Available records:
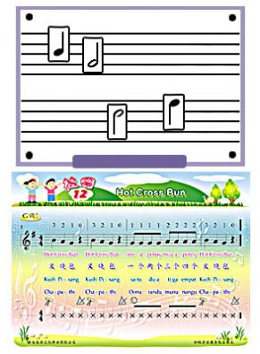 备有:磁性白板、挂图、激光唱盘、磁粒、磁性图 文卡和使用手册。 # 配合音乐教育的课程说明编写。 # 借着多样化和有趣的活动,让学生认识和掌 握基本乐理。 # 认识各种乐器,利用乐器为歌曲伴奏。 # 包括多种语言的歌曲。
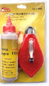 Набор разметочный состоит из шнура малярного и красящего порошка. Шнур малярный (отбивочный шнур) предназначен для разметки прямых линий, методом отбивки нити красящим порошком. Корпус изготовлен из ударопрочной ABS пластмассы. Длина шнура 20 м. Использовать малярный шнур довольно просто. Необходимо натянуть шнур между двумя предварительно поставленными метками, и оттянув шнурок от поверхности на небольшое расстояние, хлопнуть им о поверхность, на которой требуется разметка. Таким образом, красящий порошок, прилипший к шнурку, оставит чёткую, цветную прямую линию на этой поверхности. Так как в устройстве применяется специальный строительный красящий порошок, то чёткая линия получается почти на любой поверхности: на бетоне, на кирпиче, на стяжке, на пластике, на гипсокартоне, на дереве, и даже на стекле.Для того, что бы заправить малярный шнур, необходимо открутить черный колпачек на его корпусе (в нём выходное отверстие нити), затем размотав шнур с катушки, всыпать красящий порошок внутрь, после чего необходимо закрутить колпак и смотать катушку малярного шнура, периодически встряхивая корпус для равномерного распространения порошка внутри. Конец нити имеет металлическое крепление для более надежной фиксации при проведении разметки. Наматывающая ручка изготовлена из металла. Наматывающая ручка изготовлена из металла. Красящий порошок, входящий в набор, предназначен для заправки малярного шнура. Порошок упакован в пластмассовый флакон с отрезным носиком.
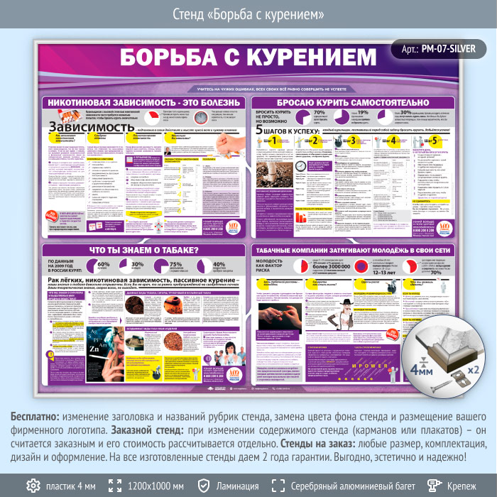 Стенд «Борьба с курением» (PM-07-SILVER) в Альметьевске купить
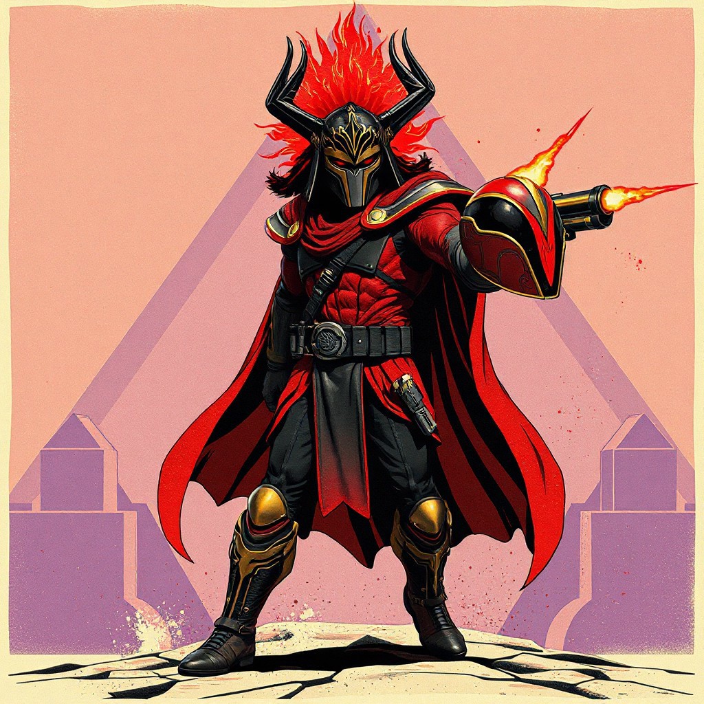 "A vintage Star Wars poster-style Horus the Black Flame Deity, anthro figure in dynamic action pose: blaster in right hand, red-black-gold helmet in left. Bold retro comic outlines, halftone textures, splatter effects, and stark Triamid Fortress geometric background. Color scheme: fiery red, matte black, gold accents, violet undertones. Stylized with Ralph McQuarrie-inspired concept art, retro-futuristic detailing, and dramatic shadows. Hyper-realistic textures, cinematic Unreal Engine 5 lighting, Octane Render gloss. Matte painting composition, trending on ArtStation, 8k HDR, golden ratio framing, isometric angle. Exaggerated proportions, vivid emotions, powerful stance. Retro-futuristic blend of 1970s sci-fi aesthetics and modern hyper-detailed CGI."
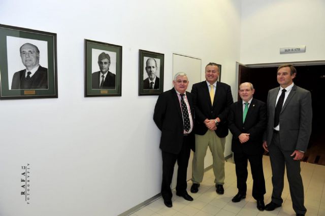 Las fotografías, ubicadas en el pasillo de acceso al Salón de Actos del edificio, recogen las imágenes de Andrés Martínez Cánovas, Salvador Alcaraz Pérez, Juan Antonio Sánchez-Castañol Conesa, Manuel Sanes Vargas y Francisco Martín Bernabé Pérez, todas ellas obtenidas de los fondos del archivo municipal.
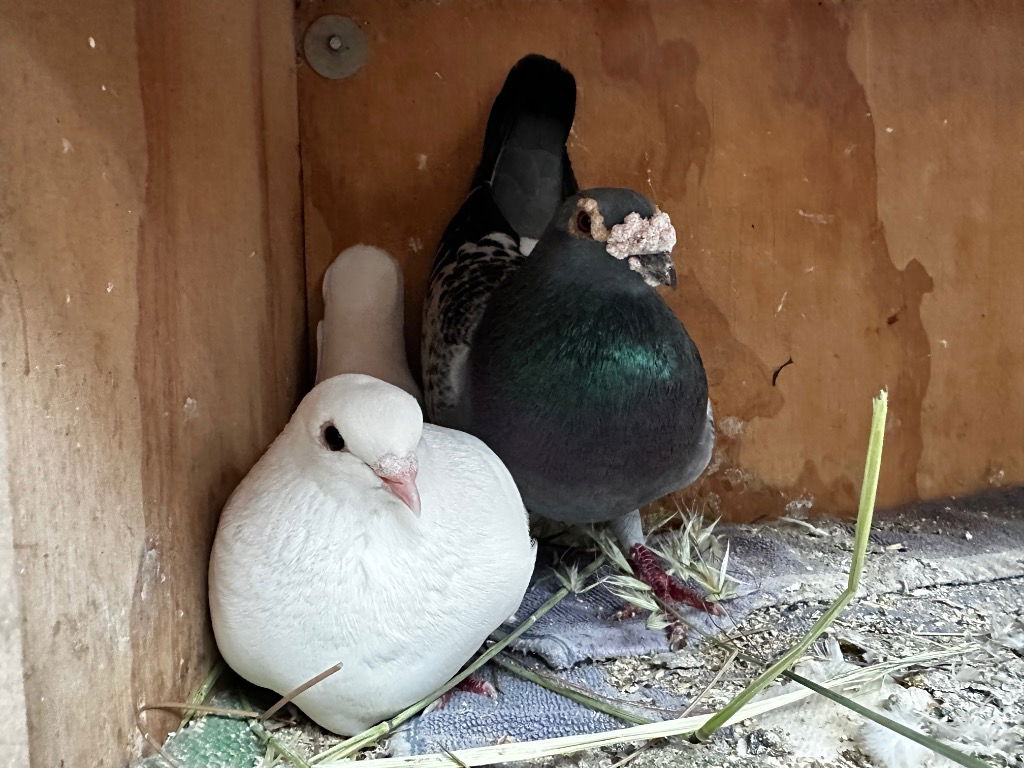 11/15/19 Update: Cooper’s beautiful wife Boba passed away as a result of reproductive disease & subsequent kidney failure. Despite her illness, they were comfy & happy (thanks to their foster volunteer & avian vets) & honeymooning right up till the end. The widower Cooper is now single & in time, will remarry.Cooper is a very sweet, soulful pigeon who is very happy to be married to Boba (also a pigeon racing survivor). Cooper & his rescue-pal Wicket were ‘surplus’ racing pigeons that were sold for use as ‘dog birds’ (to train hunting dogs). Their wings & tail were cut as short as possible, the shortest I’ve ever seen. They couldn’t even jump up on the low ledge in my aviary. They were found stray in a South Bay parking lot (likely bought & ‘released’ where feral pigeons live by someone thinking they’d be able to survive, they wouldn’t have). They were very lucky to be rescued in time & taken to the Wildlife Center of Silicon Valley who helped them until Palomacy could take them into foster care. Pigeon racing kills birds in lots of different ways. #FlyYourOwnDamnRacePlease apply to adopt http://www.pigeonrescue.org/birds/apply-to-foster-or-adopt/
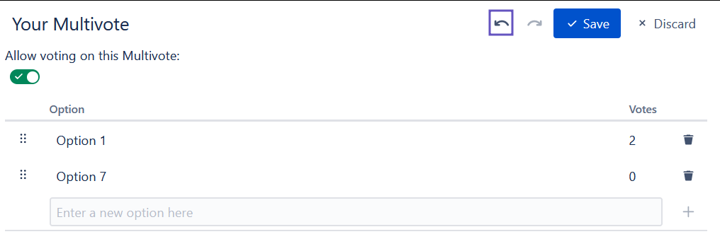 Undo the last performed action by clicking the undo button on top of the Multivote using the keyboard shortcut (
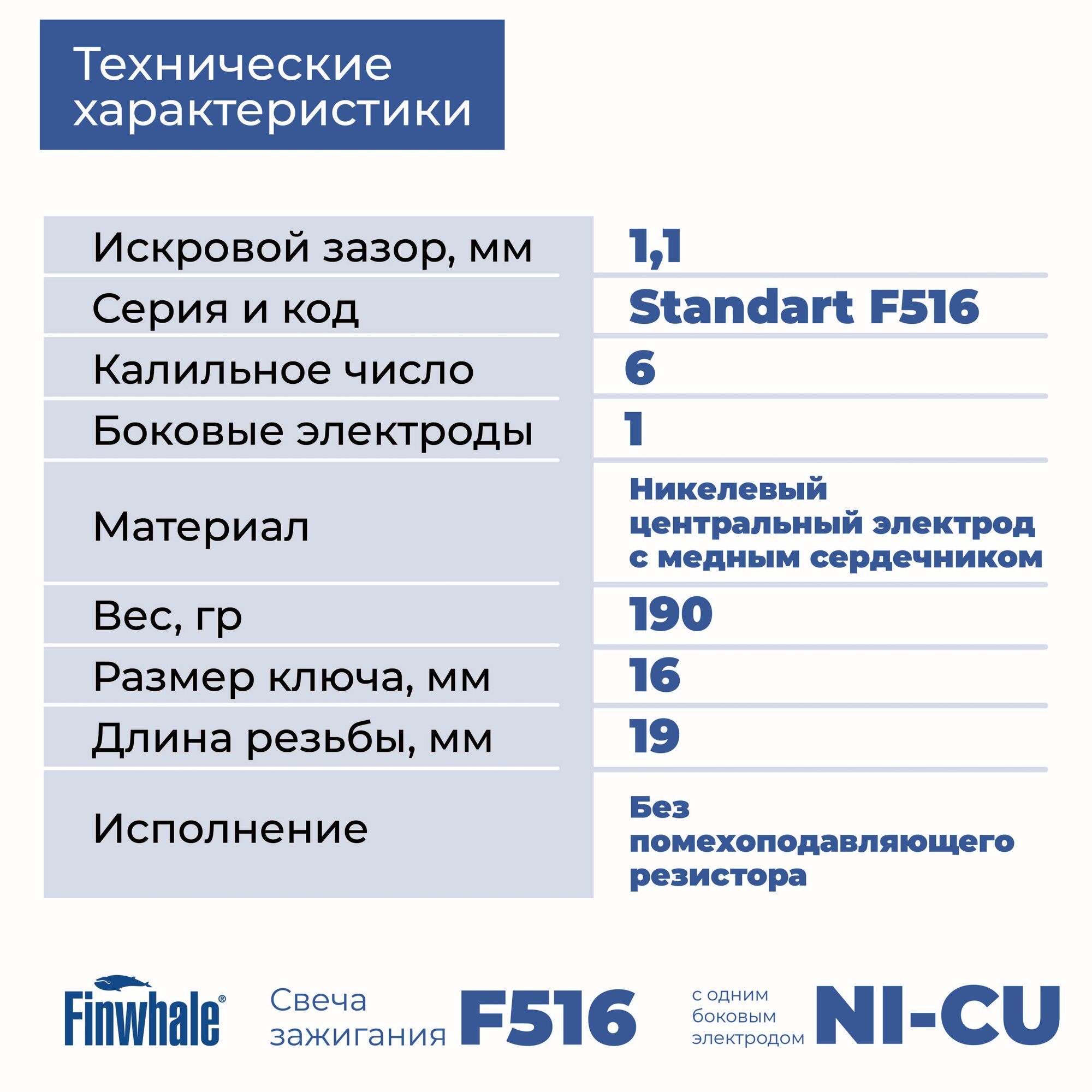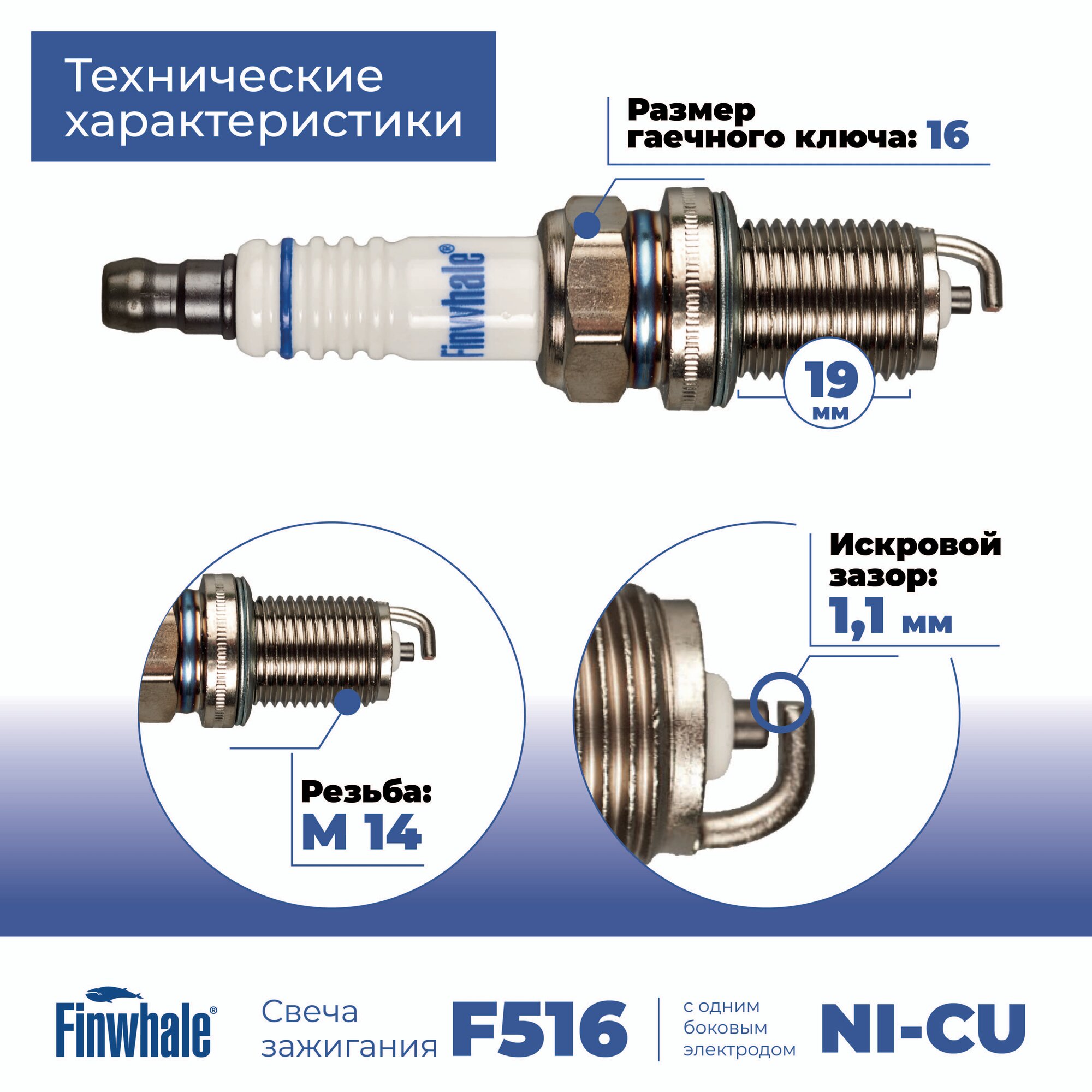 Свечи зажигания LADA (ВАЗ) 16 клапанов инжектор, Finwhale F516, 4шт. информация:

Problem requirements: Each line from the one that contains "в Альметьевске купить" down to the one that contains "Las fotografías, ubicadas" is to be returned exactly as it stands above, both ends included, with pictures removed.

Completed task:
 Стенд «Борьба с курением» (PM-07-SILVER) в Альметьевске купить
 "A vintage Star Wars poster-style Horus the Black Flame Deity, anthro figure in dynamic action pose: blaster in right hand, red-black-gold helmet in left. Bold retro comic outlines, halftone textures, splatter effects, and stark Triamid Fortress geometric background. Color scheme: fiery red, matte black, gold accents, violet undertones. Stylized with Ralph McQuarrie-inspired concept art, retro-futuristic detailing, and dramatic shadows. Hyper-realistic textures, cinematic Unreal Engine 5 lighting, Octane Render gloss. Matte painting composition, trending on ArtStation, 8k HDR, golden ratio framing, isometric angle. Exaggerated proportions, vivid emotions, powerful stance. Retro-futuristic blend of 1970s sci-fi aesthetics and modern hyper-detailed CGI."
 Las fotografías, ubicadas en el pasillo de acceso al Salón de Actos del edificio, recogen las imágenes de Andrés Martínez Cánovas, Salvador Alcaraz Pérez, Juan Antonio Sánchez-Castañol Conesa, Manuel Sanes Vargas y Francisco Martín Bernabé Pérez, todas ellas obtenidas de los fondos del archivo municipal.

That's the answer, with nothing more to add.